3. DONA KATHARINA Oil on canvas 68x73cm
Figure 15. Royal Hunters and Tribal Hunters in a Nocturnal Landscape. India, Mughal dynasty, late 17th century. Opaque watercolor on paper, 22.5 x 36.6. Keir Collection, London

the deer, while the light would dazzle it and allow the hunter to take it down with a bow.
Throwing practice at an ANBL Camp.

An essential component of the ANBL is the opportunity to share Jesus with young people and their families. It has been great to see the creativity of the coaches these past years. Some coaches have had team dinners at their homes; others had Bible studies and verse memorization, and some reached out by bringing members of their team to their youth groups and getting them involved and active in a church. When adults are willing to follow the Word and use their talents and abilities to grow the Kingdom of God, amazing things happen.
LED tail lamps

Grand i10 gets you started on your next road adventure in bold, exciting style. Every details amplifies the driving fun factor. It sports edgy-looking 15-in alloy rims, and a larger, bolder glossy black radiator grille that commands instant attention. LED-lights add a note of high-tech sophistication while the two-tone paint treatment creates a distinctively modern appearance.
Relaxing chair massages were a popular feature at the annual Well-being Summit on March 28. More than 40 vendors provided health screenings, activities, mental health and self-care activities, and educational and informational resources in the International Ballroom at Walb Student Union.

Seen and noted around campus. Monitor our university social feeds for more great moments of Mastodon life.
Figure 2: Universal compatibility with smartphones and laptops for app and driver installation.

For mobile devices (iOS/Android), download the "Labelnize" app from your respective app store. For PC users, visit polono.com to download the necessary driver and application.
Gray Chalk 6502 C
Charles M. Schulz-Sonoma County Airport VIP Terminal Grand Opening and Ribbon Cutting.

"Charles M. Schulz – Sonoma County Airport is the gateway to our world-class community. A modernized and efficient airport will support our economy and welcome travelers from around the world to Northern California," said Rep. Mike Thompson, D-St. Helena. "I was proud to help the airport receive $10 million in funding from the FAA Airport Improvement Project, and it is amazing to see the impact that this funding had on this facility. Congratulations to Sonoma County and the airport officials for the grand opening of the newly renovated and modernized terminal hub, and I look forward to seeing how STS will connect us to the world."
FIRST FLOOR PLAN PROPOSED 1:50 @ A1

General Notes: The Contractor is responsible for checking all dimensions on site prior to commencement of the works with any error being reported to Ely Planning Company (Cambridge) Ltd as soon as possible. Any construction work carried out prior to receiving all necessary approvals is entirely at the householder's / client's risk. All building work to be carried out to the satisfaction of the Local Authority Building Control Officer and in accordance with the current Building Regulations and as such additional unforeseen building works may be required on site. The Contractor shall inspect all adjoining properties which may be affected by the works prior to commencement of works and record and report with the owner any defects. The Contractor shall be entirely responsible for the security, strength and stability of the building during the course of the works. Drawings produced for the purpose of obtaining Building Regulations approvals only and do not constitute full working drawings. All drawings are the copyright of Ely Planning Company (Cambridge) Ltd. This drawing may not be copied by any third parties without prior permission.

Work to be completed: Find the lines in the records above that hold the word "County", and give only how many there are.

Result: 2